Since there is no guarantee that each iteration will necessarily lower \(\,{{\mbox{Var}}}\,\left(\bar{H}\right)\) in Eq. (17), we repeat these steps multiple times and choose mα that result in the lowest estimator variance. Empirically, the procedure finds the best measurement allocation in first few cycles.

Method summary

Conceptually, there are three approaches described above: non-overlapping grouping, coefficient splitting, and measurement allocation.

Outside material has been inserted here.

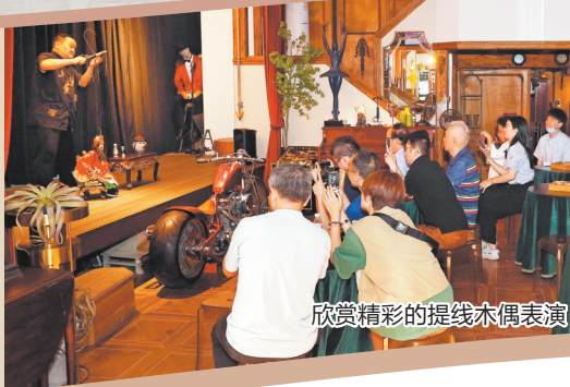
欣赏精彩的提线木偶表演

For all of them expectation value of the Hamiltonian is a sum of estimators for expectation values of fragments \(\bar{H}={\sum }_{\alpha }{\bar{H}}_{\alpha }\), and the variance for the \(\bar{H}\) estimator is given by Eq. (7). The differences between three methods are in the fragment definitions: non-overlapping grouping use fragments with original Hamiltonian coefficients ck for Pauli products and each Pauli products entering only a single fragment, coefficient splitting and measurement allocation allow Pauli products to enter multiple groups with coefficients defined by the optimization procedure for Eq. (12) and \({c}_{k}^{(\alpha )}={c}_{k}{m}_{\alpha }/{M}_{k}\) (cf. Eq. (22)), respectively. Variables that are optimized to obtain the lowest estimator variance are the numbers of measurements mα for measurement allocation and \({c}_{k}^{(\alpha )}\) and mα for coefficient splitting. The main advantage of the measurement allocation approach is a much lower number of optimization variables (mα) compared to that of the coefficient splitting scheme (\({c}_{k}^{(\alpha )}\)). Yet, note that positivity of mα imposes not only a limitation of measurement allocation with respect to coefficient splitting but also with respect to non-overlapping grouping. In non-overlapping grouping, \({c}_{k}^{(\alpha )}\) are either 0 or ck, but in measurement allocation, \({c}_{k}^{(\alpha )}\) cannot be zero.